Berit Godskesen

Life cycle assessment of three water systems in Copenhagen―a management tool of the future

Environmental life-cycle assessment (LCA) was applied to evaluate three different water systems of the water sector in Copenhagen, Denmark, including technologies within water supply, facilities recycling water and treatment of sewer overflow. In these three water systems LCA was used to evaluate the environmental impacts of each of the processes involved. The overall conclusion was that LCA is suitable as a decision support tool in the water sector as it provides a holistic evaluation platform of the considered alternatives categorised in environmental impact categories. The use of LCA in the water sector of this region has limitations since it does not yet consider impact categories assessing freshwater scarcity and ecological sustainability.
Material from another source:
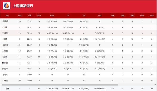 这场比赛上海队这边只有2人得分上双,刘帅拿到11分,刘禹彤30分钟,19中16,罚球8中5,拿到37分12篮板3助攻1盖帽,命中率84.2%,刘禹彤这表现像是打U16亚洲杯的张子宇啊。
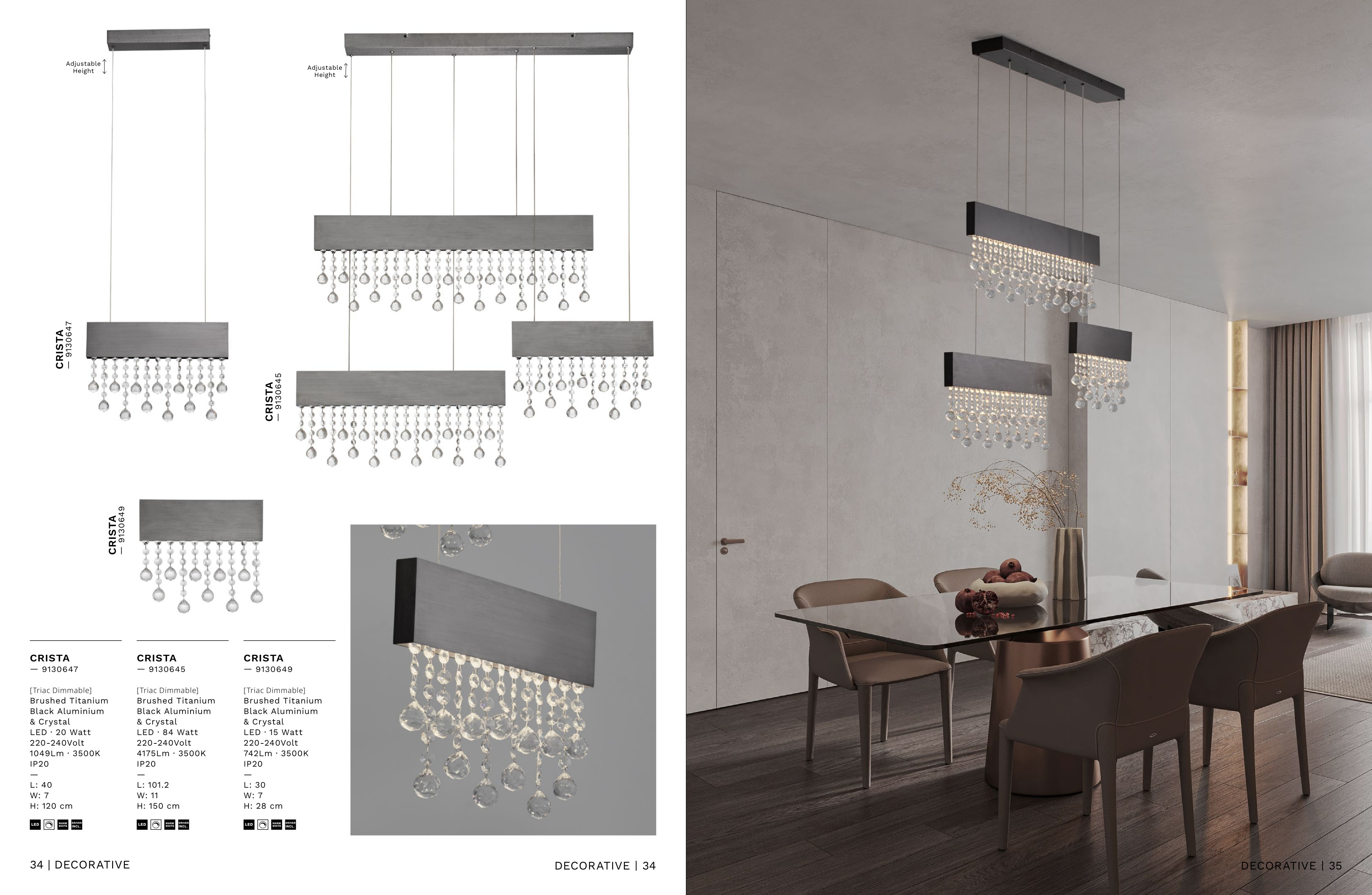 Лед полилей 9130647 ще осигури комфорт и естетика във всяко помещение, в което се постави. Цялостната визия и дизайн на led лампата и вложените в изработката й материали, като алуминий в цвят тъмен матиран титан, кристали, ще допринесат за един неповторим стил. Благодарение на дългогодишния опит в производството на лед осветление, качествените материали и строгия контрол на качеството на изработка на производителя Nova-Luce (Гърция), 9130647 е на високо европейско ниво.

Selection of spatial scale for assessing impacts of groundwater-based water supply on freshwater resources

Indicators of the impact on freshwater resources are becoming increasingly important in the evaluation of urban water systems. To reveal the importance of spatial resolution, we investigated how the choice of catchment scale influenced the freshwater impact assessment. Two different indicators were used in this study: the Withdrawal-To-Availability ratio (WTA) and the Water Stress Index (WSI). Results were calculated for three groundwater based Danish urban water supplies (Esbjerg, Aarhus, and Copenhagen). The assessment was carried out at three spatial levels: (1) the groundwater body level, (2) the river basin level, and (3) the regional level. The assessments showed that Copenhagens water supply had the highest impact on the freshwater resource per cubic meter of water abstracted, with a WSI of 1.75 at Level 1. The WSI values were 1.64 for Aarhuss and 0.81 for Esbjergs water supply. Spatial resolution was identified as a major factor determining the outcome of the impact assessment. For the three case studies, WTA and WSI were 27%-583% higher at Level 1 than impacts calculated for the regional scale. The results highlight that freshwater impact assessments based on regional data, rather than sub-river basin data, may dramatically underestimate the actual impact on the water resource. Furthermore, this study discusses the strengths and shortcomings of the applied indicator approaches. A sensitivity analysis demonstrates that although WSI has the highest environmental relevance, it also has the highest uncertainty, as it requires estimations of non-measurable environmental water requirements. Hence, the development of a methodology to obtain more site-specific and relevant estimations of environmental water requirements should be prioritized. Finally, the demarcation of the groundwater resource in aquifers remains a challenge for establishing a consistent method for benchmarking freshwater impacts caused by groundwater abstraction.

LCA of Drinking Water Supply

Water supplies around the globe are growing complex and include more intense treatment methods than just decades ago. Now, desalination of seawater and wastewater reuse for both non-potable and potable water supply have become common practice in many places. LCA has been used to assess the potentials and reveal hotspots among the possible technologies and scenarios for water supplies of the future. LCA studies have been used to support decisions in the planning of urban water systems and some important findings include documentation of reduced environmental impact from desalination of brackish water over sea water, the significant impacts from changed drinking water quality and reduced environmental burden from wastewater reuse instead of desalination. Some of the main challenges in conducting LCAs of water supply systems are their complexity and diversity, requiring very large data collection efforts, with multiple sources of information, many of them not public and requiring cooperation. Important for product and system LCAs with substantial water use, it is emphasized that standard life cycle inventory databases do not reflect the significant variance in environmental impacts of water supply across locations and technologies.